Feet on bathroom scale (


Medical researchers and statisticians from Canada and the U.S. have developed a rating scale to predict mortality of overweight and obese people. The Edmonton obesity staging system, named for the city in Alberta, Canada where the scale was developed, is described in the 15 August issue of CMAJ (Canadian Medical Association Journal).

The most common indicator of excess weight is the body mass index (BMI), which is easily calculated based on the height and weight of adult men and women. BMI, however, does not account for the presence of conditions that may be associated with excess weight, such as cardiovascular disease.

The Edmonton system, proposed by Arya Sharma at University of Alberta’s Department of Medicine, ranks overweight and obese people on a five-point scale according to their underlying health status and the presence or absence of underlying health conditions.

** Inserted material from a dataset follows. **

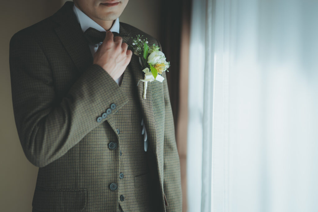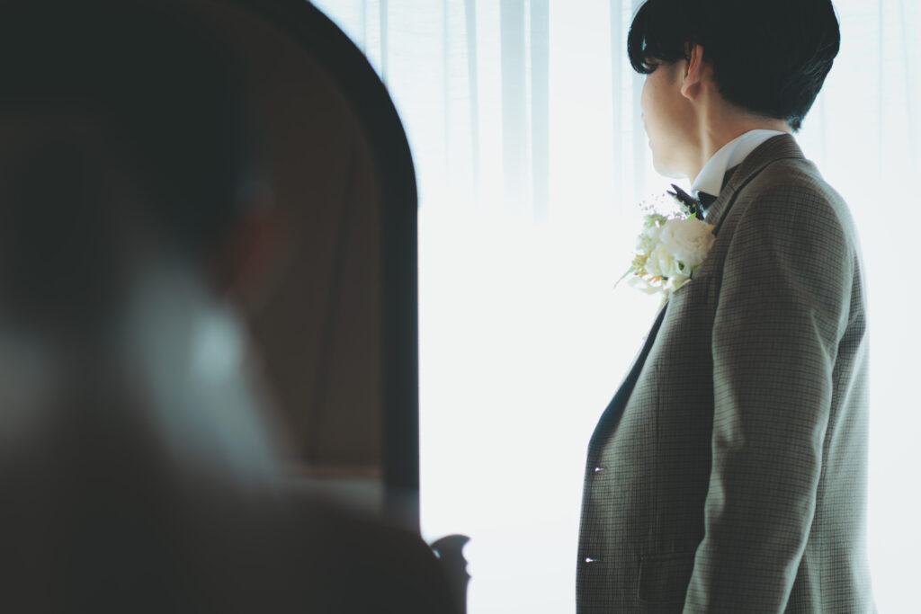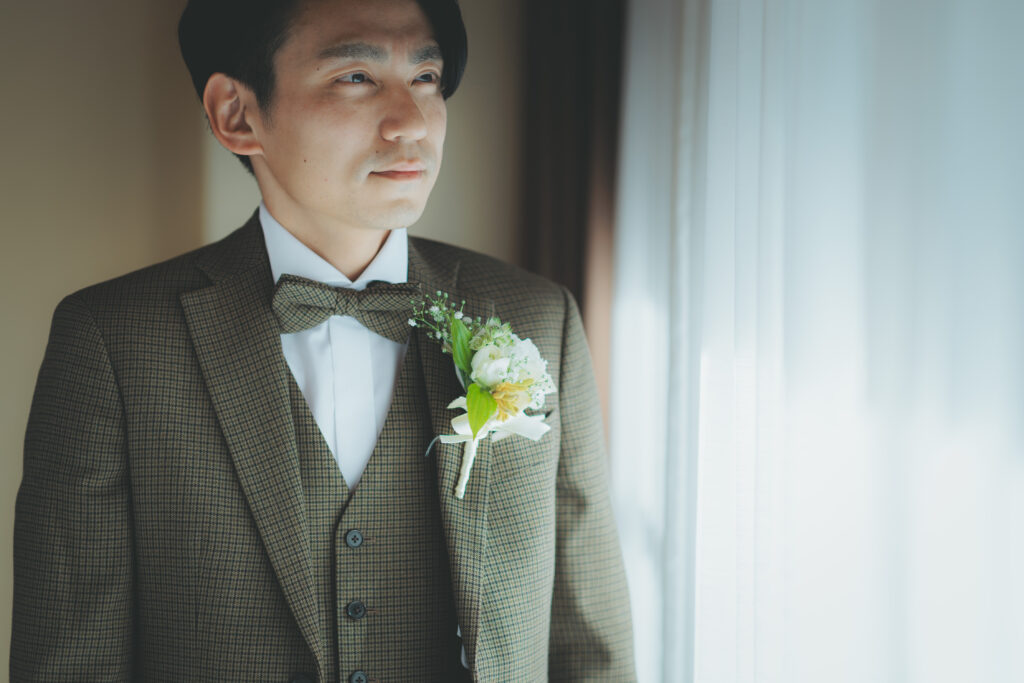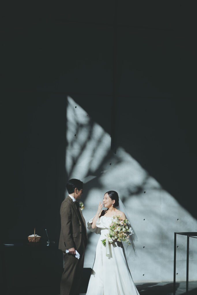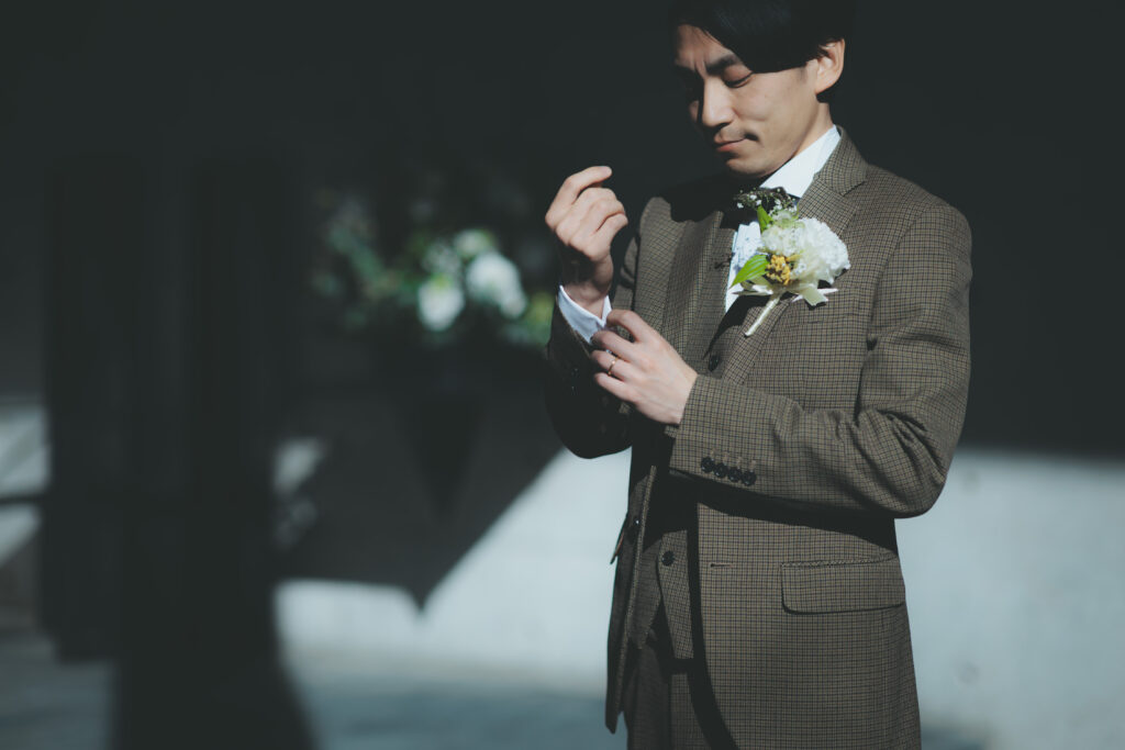 自然が導き出す光のコントラストとこの空気感の中、ご新郎様もかっこいい瞬間を記録する事が出来ますので、おふたりのソロカットも風の教会ではおススメしております。
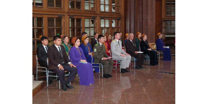 The exhibition was opened and conducted by the senior research officer of the division of fine arts of the State museum of the State cultural centre of Turkmenistan Dovletmyrat Rejepov. Then the floor was given to the chairman of Mary velayat centre of the international association “Turkmen alabais” Atamyrat Suleymanov, the chairman of Dashoguz velayat centre of the international association “Turkmen alabais”председатель Haldurdy Gochov, senior lieutenant of the State border service of Turkmenistan Serdar Batyrov, lecturer of Turkmen State architectural institute, chairman of the primary women’s organization Gurbangozel Gulamova, lecturer of Turkmen State architectural institute Guljemal Jennelova, lecturer of Turkmen State architectural institute Akgul Bailyeva, third year student of Turkmen State border service institute Ilaman Satlykov, who told a lot of interesting about alabai.

The scale ranges from 0 for no physical or psychological limitations to 4 for severe disabilities or conditions.

The research team, which included Sharma and colleagues from Alberta as well as University of Alabama at Birmingham and Wake Forest University in North Carolina, analyzed data on more than 8,100 subjects from two rounds of the National Health and Human Nutrition Examination Surveys (NHANES): 1988–1994, and 1999–2004. The researchers also followed up on overweight or obese subjects in the surveys to the end of 2006.

The team found that 77 percent of overweight or obese people in the NHANES 1988-94 survey and 90 percent of those in the 1999-2004 survey were classified as stage 1 or 2 on the Edmonton scale. However, their risk of dying was substantially lower than that of overweight or obese people classified as stage 3. The researchers could not assign scores of 4, because not all of the needed data elements were available in the surveys.

The authors proposed adding the Edmonton system to the tools available for clinicians in evaluating patients and prescribing treatments, such as bariatric surgery.